── Data to examine

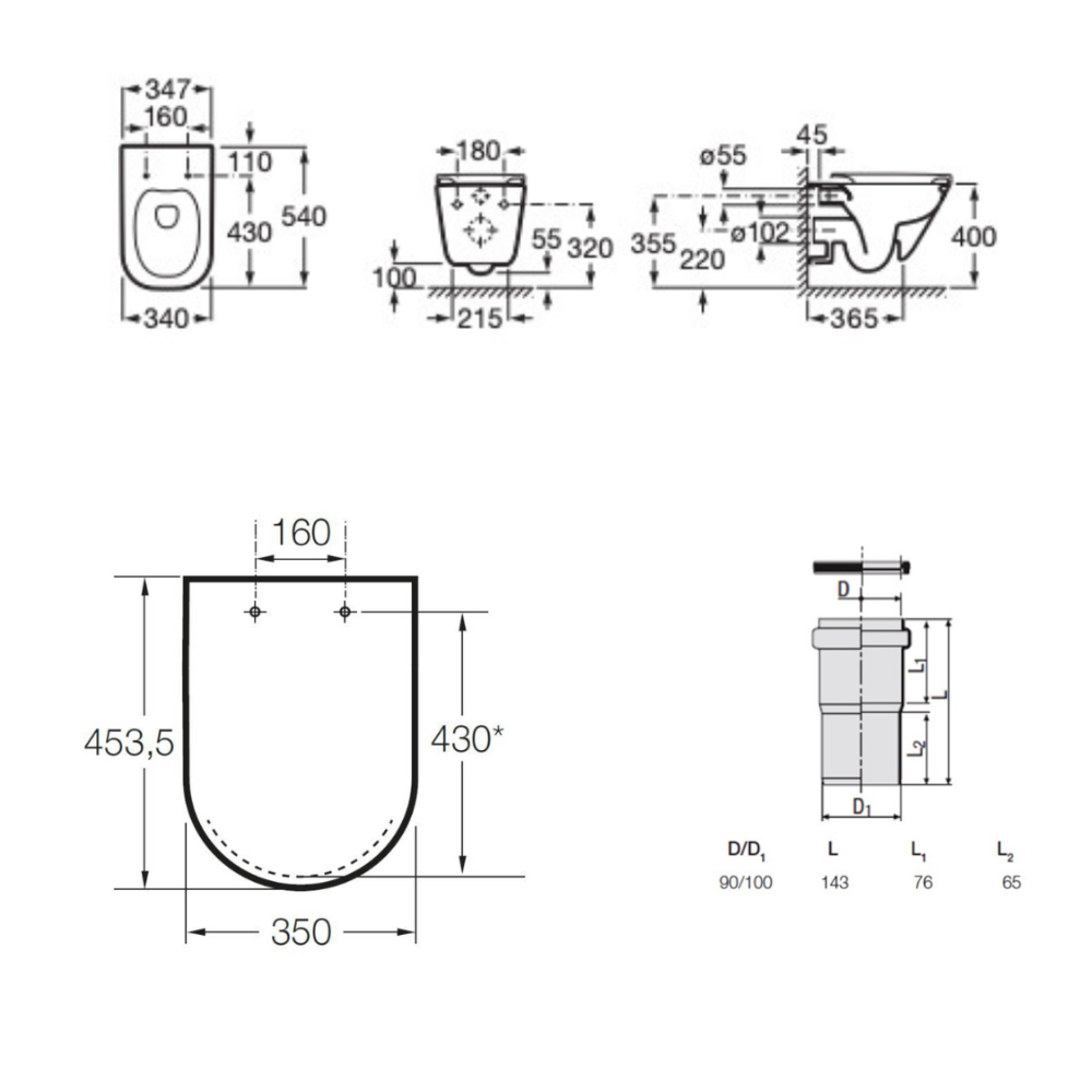 - Roca Cuvette WC suspendue en céramique sans bride Rimless (A34647L000)
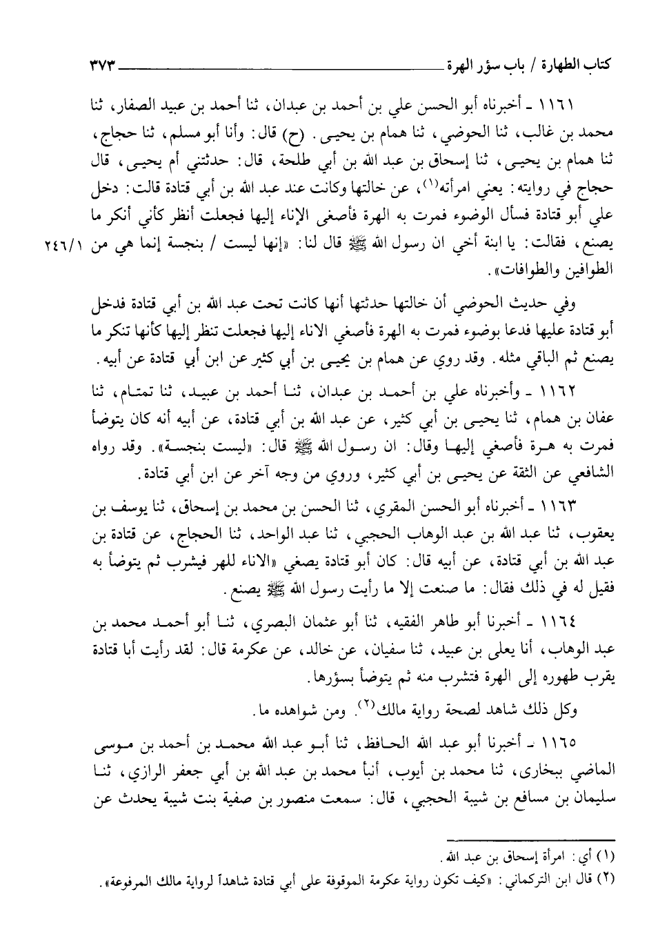 1161 - أَخْبَرَنَاهُ أَبُو الْحَسَنِ عَلِيُّ بْنُ أَحْمَدَ بْنِ عَبْدَانَ، ثنا أَحْمَدُ بْنُ عُبَيْدٍ الصَّفَّارُ، ثنا مُحَمَّدُ بْنُ غَالِبٍ، ثنا الْحَوْضِيُّ، ثنا هَمَّامُ بْنُ يَحْيَى، ح. قَالَ: وَأنا أَبُو مُسْلِمٍ، ثنا حَجَّاجٌ، ثنا هَمَّامُ بْنُ يَحْيَى، ثنا إِسْحَاقُ بْنُ عَبْدِ اللهِ بْنِ أَبِي طَلْحَةَ، قَالَ: حَدَّثَتْنِي أُمُّ يَحْيَى - قَالَ حَجَّاجٌ فِي رِوَايَتِهِ: يَعْنِي امْرَأَتَهُ - عَنْ خَالَتِهَا وَكَانَتْ عِنْدَ عَبْدِ اللهِ بْنِ أَبِي قَتَادَةَ قَالَتْ: دَخَلَ عَلَيَّ أَبُو قَتَادَةَ فَسَأَلَ الْوَضُوءَ فَمَرَّتْ بِهِ الْهِرَّةُ فَأَصْغَى الْإِنَاءَ إِلَيْهَا فَجَعَلْتُ أَنْظُرُ كَأَنِّي أُنْكِرُ مَا يَصْنَعُ فَقَالَتْ: يَا ابْنَةَ أَخِي إِنَّ رَسُولَ اللهِ صَلَّى اللهُ عَلَيْهِ وَسَلَّمَ، قَالَ لَنَا: §" إِنَّهَا لَيْسَتْ بِنَجِسَةٍ إِنَّمَا هِيَ مِنَ الطَّوَّافِينَ وَالطَّوَّافَاتِ " وَفِي حَدِيثِ الْحَوْضِيِّ أَنَّ خَالَتَهَا حَدَّثَتْهَا أَنَّهَا كَانَتْ تَحْتَ عَبْدِ اللهِ بْنِ أَبِي قَتَادَةَ فَدَخَلَ أَبُو قَتَادَةَ عَلَيْهَا فَدَعَا بِوَضُوءٍ فَمَرَّتْ بِهِ الْهِرَّةُ فَأَصْغَى الْإِنَاءَ إِلَيْهَا فَجَعَلَتْ تَنْظُرُ إِلَيْهَا كَأَنَّهَا تُنْكِرُ مَا يَصْنَعُ، ثُمَّ الْبَاقِي مِثْلَهُ وَقَدْ رُوِيَ عَنْ هَمَّامِ بْنِ يَحْيَى بْنِ أَبِي كَثِيرٍ، عَنِ ابْنِ أَبِي قَتَادَةَ، عَنْ أَبِيهِ
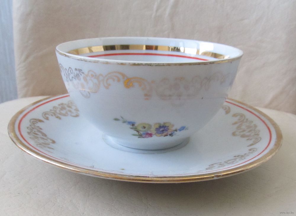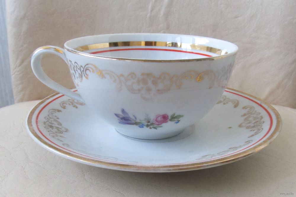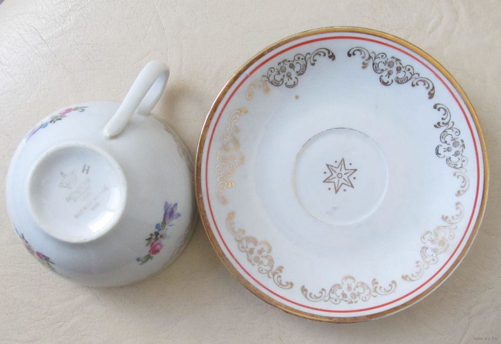 Все лоты с рубля.Чайная пара REINECKE GEGRUNDET,тонкий фарфор,ГДР
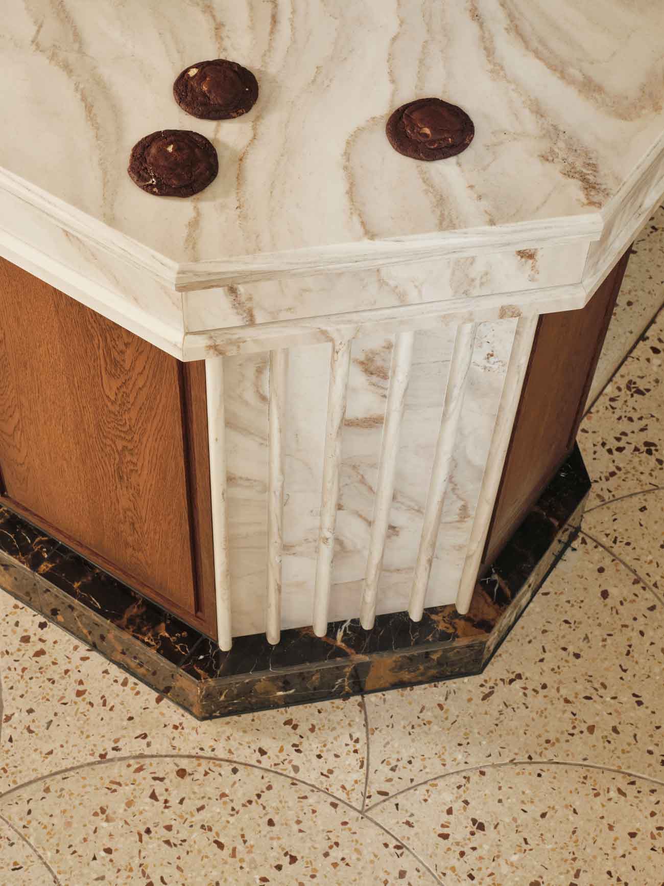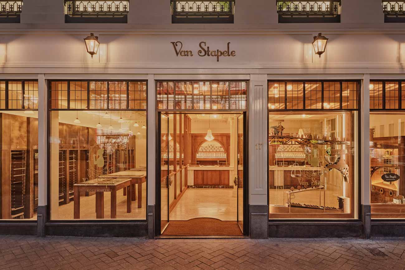 Desde 2013, Van Stapele hornea las mejores galletas de Ámsterdam: una única galleta de chocolate negro con un corazón de chocolate blanco. ¿Su secreto? Una receta exclusiva que ha convertido este dulce en un ícono de la ciudad, generando largas filas frente a la tienda todos los días. Inicialmente ubicada en un pequeño callejón en el centro, la popularidad de la pastelería requirió un traslado a un espacio más grande. Studio Modijefsky fue encargado de mantener la magia del local original, recreando su atmósfera en un entorno más amplio.
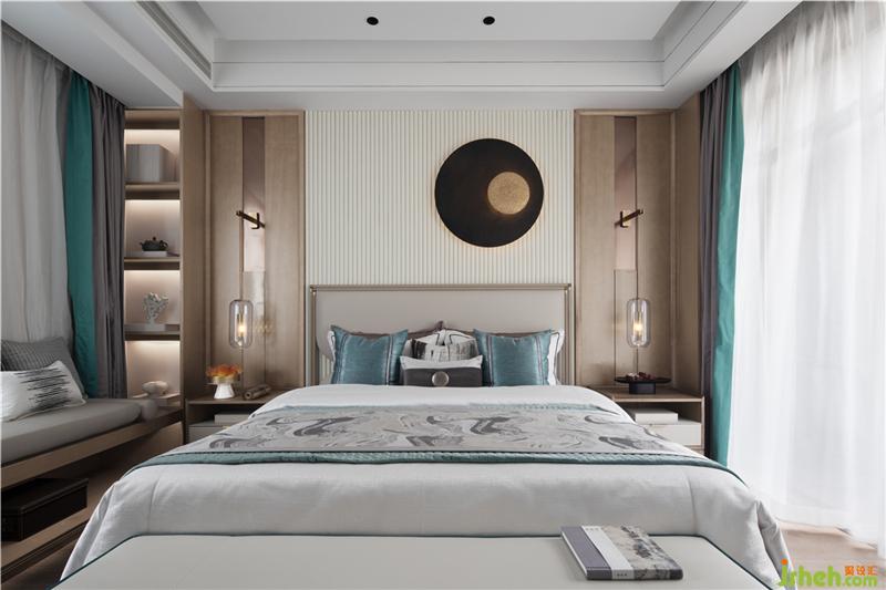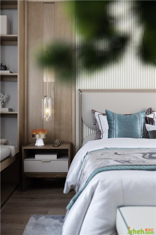 将云霞雕色,转化成馥郁沉稳的一方寝居,精致与温柔,俊朗与活泼,都不乏其中。黄铜背景墙正如泼墨堆栈的画幅,让清雅与古朴在空间涤荡。
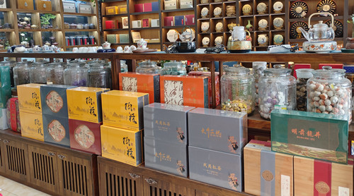 臨近春節(jié),茶葉禮盒迎來(lái)了一年中的一波銷量高峰。在通農(nóng)物流糧油大廳內(nèi)的茶葉店鋪里,各種茶葉禮盒包裝簡(jiǎn)潔雅致,散稱綠茶、紅茶、白茶、普洱、烏龍,不同產(chǎn)地的茶葉應(yīng)有盡有,品類一應(yīng)俱全。
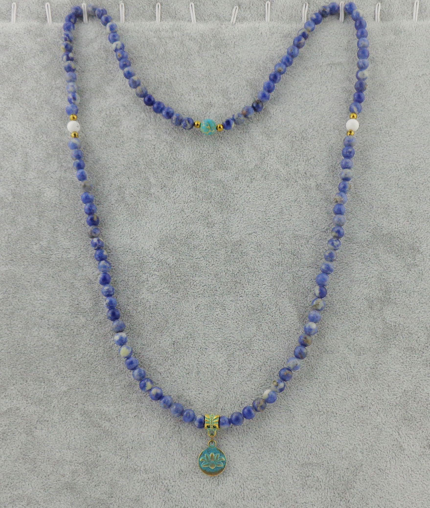 Yoga Natural sodalite 108 Mala Beads with lotus Necklace Strands
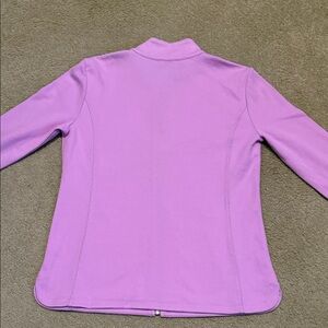 Chic lavender jacket with a zip-up front. Perfect for layering.
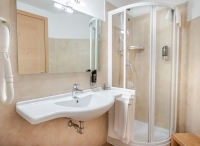 TV sat., telefon, fén, minibar, wi-fi připojení k internetu, osušky* a župany* do wellness
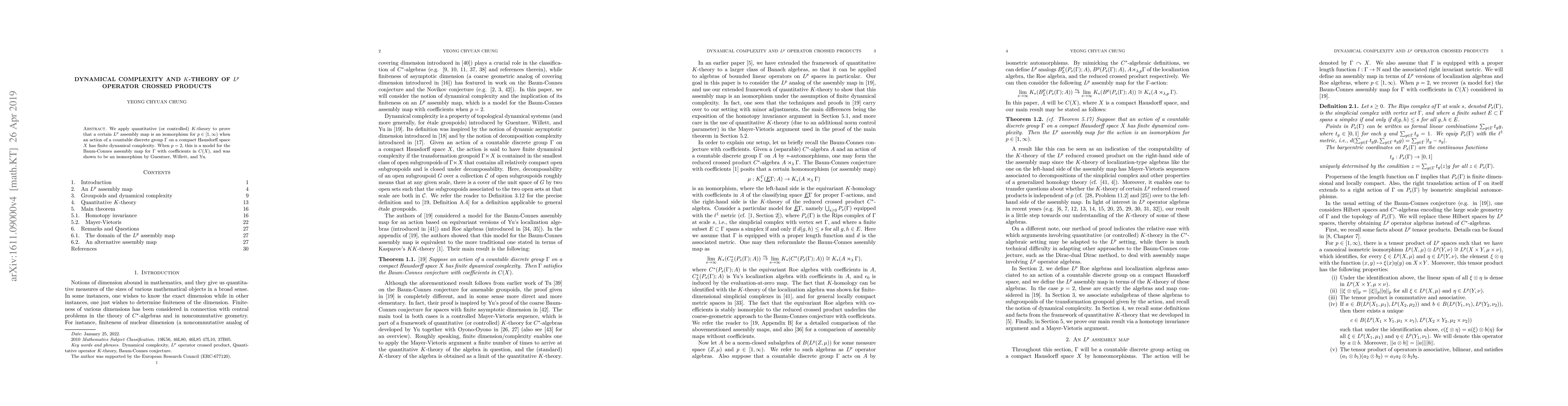 We apply quantitative (or controlled) $K$-theory to prove that a certain $L^p$ assembly map is an isomorphism for $p\in[1,\infty)$ when an action of a countable discrete group $\Gamma$ on a compact Hausdorff space $X$ has finite dynamical complexity. When $p=2$, this is a model for the Baum-Connes assembly map for $\Gamma$ with coefficients in $C(X)$, and was shown to be an isomorphism by Guentner, Willett, and Yu.

────

> [What the task asks]: Nothing but the lines from the one holding "Все лоты с рубля.Чайная" to the end of the entries above should be echoed, exactly and with both ends included; omit the pictures.

> [Answer to the problem]:
 Все лоты с рубля.Чайная пара REINECKE GEGRUNDET,тонкий фарфор,ГДР
 Desde 2013, Van Stapele hornea las mejores galletas de Ámsterdam: una única galleta de chocolate negro con un corazón de chocolate blanco. ¿Su secreto? Una receta exclusiva que ha convertido este dulce en un ícono de la ciudad, generando largas filas frente a la tienda todos los días. Inicialmente ubicada en un pequeño callejón en el centro, la popularidad de la pastelería requirió un traslado a un espacio más grande. Studio Modijefsky fue encargado de mantener la magia del local original, recreando su atmósfera en un entorno más amplio.
 将云霞雕色,转化成馥郁沉稳的一方寝居,精致与温柔,俊朗与活泼,都不乏其中。黄铜背景墙正如泼墨堆栈的画幅,让清雅与古朴在空间涤荡。
 臨近春節(jié),茶葉禮盒迎來(lái)了一年中的一波銷量高峰。在通農(nóng)物流糧油大廳內(nèi)的茶葉店鋪里,各種茶葉禮盒包裝簡(jiǎn)潔雅致,散稱綠茶、紅茶、白茶、普洱、烏龍,不同產(chǎn)地的茶葉應(yīng)有盡有,品類一應(yīng)俱全。
 Yoga Natural sodalite 108 Mala Beads with lotus Necklace Strands
 Chic lavender jacket with a zip-up front. Perfect for layering.
 TV sat., telefon, fén, minibar, wi-fi připojení k internetu, osušky* a župany* do wellness
 We apply quantitative (or controlled) $K$-theory to prove that a certain $L^p$ assembly map is an isomorphism for $p\in[1,\infty)$ when an action of a countable discrete group $\Gamma$ on a compact Hausdorff space $X$ has finite dynamical complexity. When $p=2$, this is a model for the Baum-Connes assembly map for $\Gamma$ with coefficients in $C(X)$, and was shown to be an isomorphism by Guentner, Willett, and Yu.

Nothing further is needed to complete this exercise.